To make this possible, a large vacuum vessel encloses all endstation components of the sample environment. The necessity to maintain samples at cryogenic temperatures during storage and data collection in vacuum requires the use of thermally conductive sample holders. This facilitates efficient heat removal to ensure sample cooling to approximately 50 K. The current protocol describes the procedures used for sample preparation and transfer of samples into vacuum on beamline I23. Ensuring uniformity in practices and methods already established within the macromolecular crystallography community, sample cooling to liquid nitrogen temperature can be performed in any laboratory setting equipped with standard MX tools.
Cryogenic storage and transport of samples only require standard commercially available equipment. Specialized equipment is required for the transfer of cryogenically cooled crystals from liquid nitrogen into the vacuum endstation. Bespoke sample handling tools and a dedicated Cryogenic Transfer System (CTS) have been developed in house. Diffraction data collected on samples prepared using this protocol show excellent merging statistics, indicating that the quality of samples is unaltered during the procedure. This opens unique opportunities for in-vacuum MX in a wavelength range beyond standard synchrotron beamlines.
Long-wavelength X-ray diffraction is used to harness the anomalous scattering properties of specific light atoms natively present in macromolecules. This helps to solve the crystallographic phase problem and to unambiguously confirm the identity and location of such elements within macromolecules. While in the early days of macromolecular crystallography, de novo structures were solved by multiple isomorphous replacement1, with the advent of tunable X-ray beamlines at synchrotrons, experimental phasing based on multi-wavelength and single-wavelength (SAD) anomalous diffraction techniques have become the dominant methods2. Both methods have historically relied on the isomorphous or anomalous signal from heavy metals, which need to be artificially introduced into the crystals by co-crystallization or crystal soaking3. The trial-and-error approach and unpredictable outcome can make these experiments frustratingly time-consuming. The incorporation of seleno-methionine during protein expression4 is a very elegant way to overcome these limitations and exploit anomalous diffraction at short wavelengths, although it can be very challenging in eukaryotic protein expression systems.

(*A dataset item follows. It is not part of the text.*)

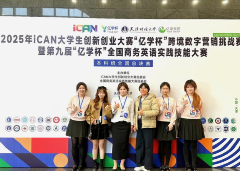 2025年11月28-30日,2025年iCAN大学生创新创业大赛“亿学杯”跨境数字营销挑战赛全国总决赛暨第九届“亿学杯”全国商务英语实践技能大赛总决赛在天津财经大学举办,来自全国的60支队伍同台竞技。我院商务英语专业苏宝英老师指导的由22级学生王芸、郭柯羽、金艺恩、李香颖,23级学生李沁妍所组建的“Nova”团队斩获全国一等奖。

Long-wavelength MX is extremely appealing for structure determination by native SAD experiments5,6 due to the convenience of using crystals directly from a successful crystallization trial without further treatment. Additionally, access to the absorption edges of elements of high biological importance, such as calcium, potassium, chlorine, sulfur, and phosphorus, opens the opportunity to directly identify the positions of these elements in macromolecules7,8,9,10. At medium and low resolution, element assignment based on the 2Fo-Fc electron density and chemical environment can be difficult, particularly for elements with similar number of electrons or weakly bound ions with partial occupancies. These ambiguities can be resolved by collecting data below and above the absorption edge of the element of interest and interpretation of the resulting model-phased anomalous difference Fourier maps11,12. Locating sulfur atom positions in these maps can also aid model-building into low-resolution electron density maps13. The absorption edges of these light elements are observed at wavelengths between λ = 3 and 6 Å (see Figure 1, top). This wavelength range has been well beyond the capabilities of any synchrotron MX beamline, and efficient operation in this range requires overcoming several technical challenges, as outlined below.

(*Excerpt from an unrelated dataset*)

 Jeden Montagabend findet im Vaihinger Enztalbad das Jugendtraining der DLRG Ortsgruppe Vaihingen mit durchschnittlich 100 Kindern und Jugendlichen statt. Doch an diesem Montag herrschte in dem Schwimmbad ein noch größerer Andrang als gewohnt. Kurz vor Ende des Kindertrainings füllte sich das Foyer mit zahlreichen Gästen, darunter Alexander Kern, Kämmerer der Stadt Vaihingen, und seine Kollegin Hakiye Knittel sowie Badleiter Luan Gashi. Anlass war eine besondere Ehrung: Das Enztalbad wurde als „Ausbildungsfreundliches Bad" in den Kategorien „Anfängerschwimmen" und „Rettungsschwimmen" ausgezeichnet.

Beamline I23 at Diamond Light Source, UK, is a unique instrument, specifically designed to facilitate long-wavelength MX experiments, tunable in a wavelength range between λ = 1.13 and 5.9 Å (energy range between E = 2.1 and 11 keV). By operating in a high-vacuum environment14, air absorption and scattering are eliminated, consequently enhancing the efficiency of diffraction experiments and the signal-to-noise ratio. A large vacuum endstation encloses all the components of the sample environment, including the semi-cylindrical Pilatus 12M detector, a multi-axis goniometer, the on-line viewing and collimation systems, as well as the bespoke equipment for sample transfer and storage (Figure 2). Each piece of equipment has been optimized to ensure that the best-quality long-wavelength data can be collected. The curved Pilatus 12M detector can collect to diffraction angles of 2θ = ±100°, resulting in sufficiently high-resolution diffraction data even at longest wavelengths (Figure 1, bottom). The 120 detector modules have been specifically selected for low-energy compatibility and calibrations for an additional ultra-high gain mode have been provided.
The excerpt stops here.